The answer is the data below, repeated exactly, with no pictures included.

▶ _SOURCE DATA_:
════════════════

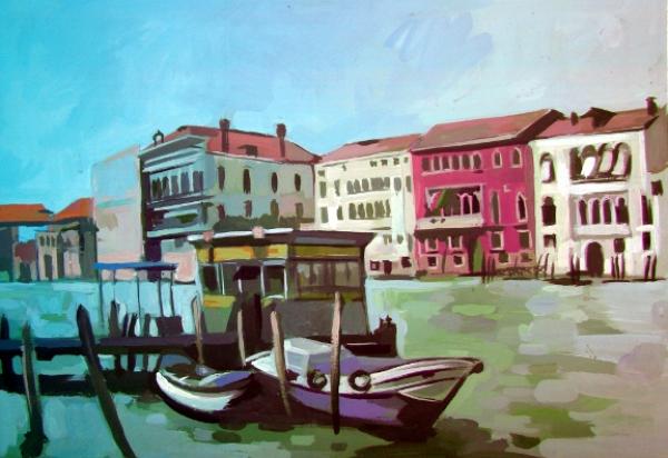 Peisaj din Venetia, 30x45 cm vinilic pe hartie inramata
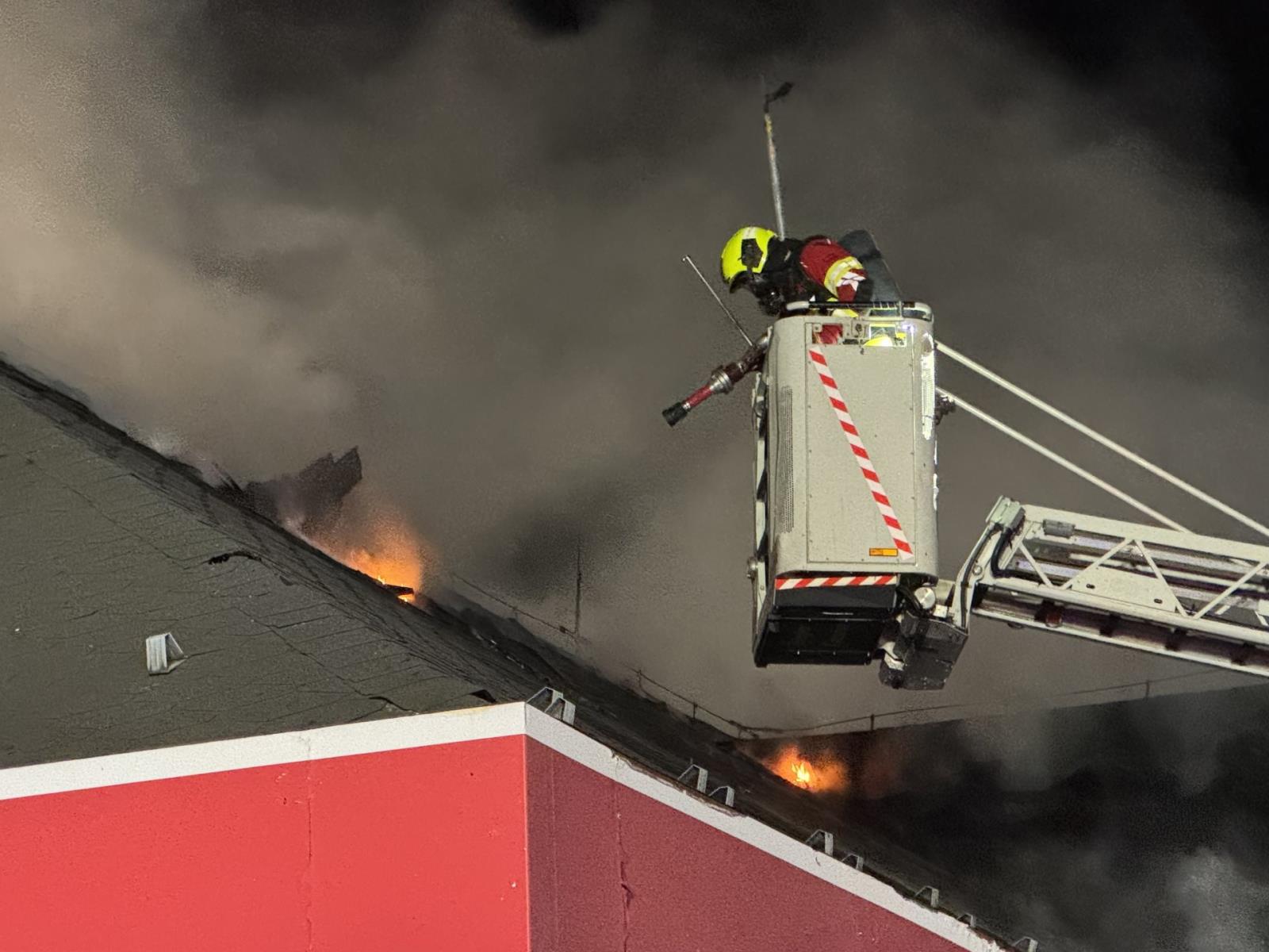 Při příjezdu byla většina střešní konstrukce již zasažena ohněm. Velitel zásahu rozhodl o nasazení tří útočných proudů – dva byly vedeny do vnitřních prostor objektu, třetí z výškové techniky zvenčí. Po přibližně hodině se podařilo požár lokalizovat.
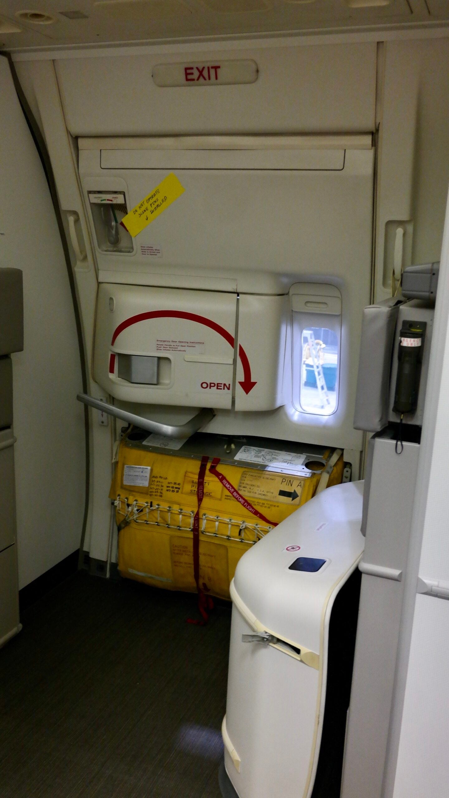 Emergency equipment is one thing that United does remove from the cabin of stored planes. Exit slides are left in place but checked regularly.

════════════════

▶ _TASK ANSWER_:
 Peisaj din Venetia, 30x45 cm vinilic pe hartie inramata
 Při příjezdu byla většina střešní konstrukce již zasažena ohněm. Velitel zásahu rozhodl o nasazení tří útočných proudů – dva byly vedeny do vnitřních prostor objektu, třetí z výškové techniky zvenčí. Po přibližně hodině se podařilo požár lokalizovat.
 Emergency equipment is one thing that United does remove from the cabin of stored planes. Exit slides are left in place but checked regularly.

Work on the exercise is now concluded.